--- The data Enclosed Below ---
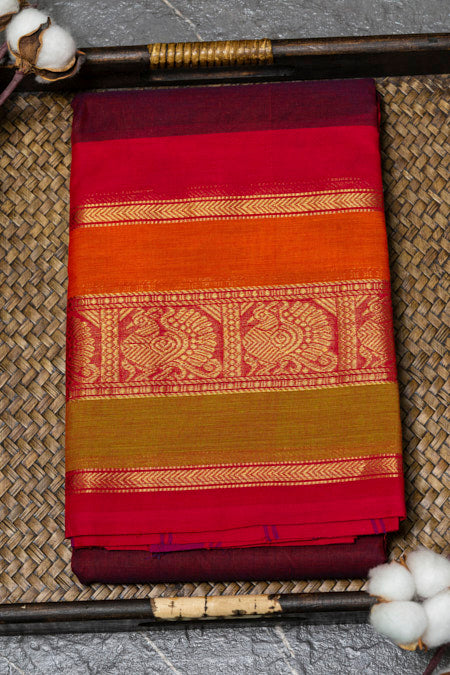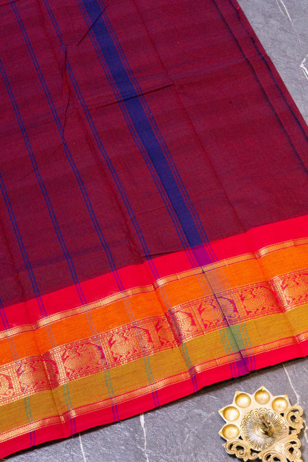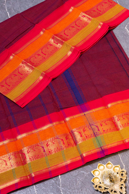Maroon Pure Chettinad Cotton Saree with Rich Elegant Borders
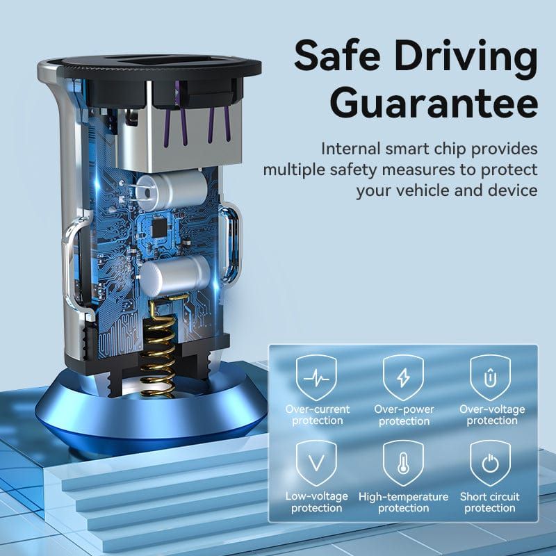 Többféle gyorstöltési protokoll Két port egyidejű 25W-os kimenettel Az USB-C port támogatja a PD30W Max 30W Max kimenet az USB-A porthoz, Vention 5A gyorstöltő kábellel, Jelentősen csökkenti a töltési időt Támogatja az egyidejű gyorstöltést a vezető- és a másodpilótaülésen Az intelligens belső intelligens chip több biztonsági intézkedést biztosít a jármű és a készülék védelme érdekében A korszerűsített alumíniumötvözet ház hatékonyan elvezeti a benne keletkező hőt Megerősített csúszásmentes klip a szoros csatlakozáshoz és a többféle útviszonyoknak való megfeleléshez Kék LED-fény a port kereséséhez sötét fényben Kompatibilis a mainstream szedánnal, SUV, teherautó és más, a piacon kapható autómodellekkel, széles 12V-24V feszültségtartományban Töltse telefonját, táblagépét, autórögzítőjét és más digitális eszközeit.
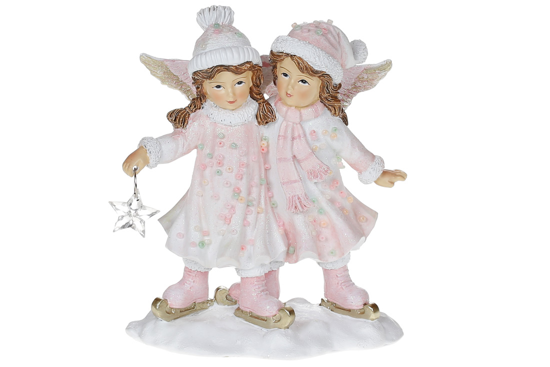Декоративна статуетка Янголи на ковзанах, 11.5см, колір - біло-рожевий
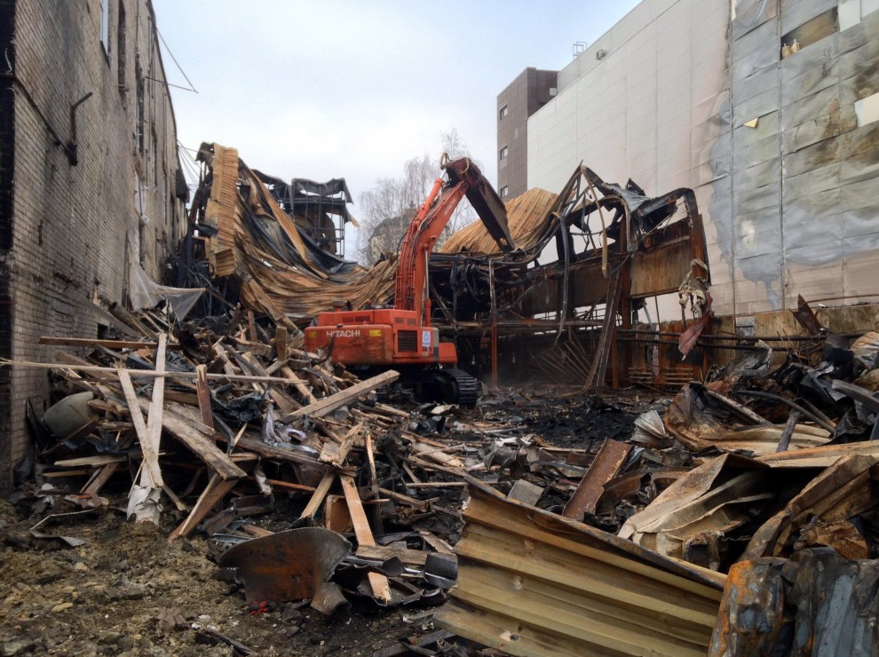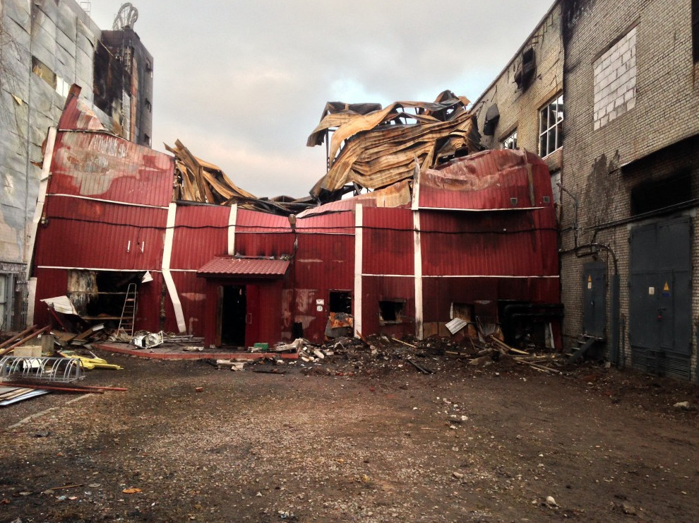 В конце января здесь произошел крупный пожар. В результате пристройка оказалась не восстановима: 800 кв. метров металлических конструкций обрушилось. Погибли два человека. Пострадала и стена соседнего здания.
--- End of Enclosed The data ---
Problem details -
Starting at the line that holds "Декоративна статуетка Янголи", repeat every line through the end of the listing exactly as written, skipping any picture.

Output of the task -
Декоративна статуетка Янголи на ковзанах, 11.5см, колір - біло-рожевий
 В конце января здесь произошел крупный пожар. В результате пристройка оказалась не восстановима: 800 кв. метров металлических конструкций обрушилось. Погибли два человека. Пострадала и стена соседнего здания.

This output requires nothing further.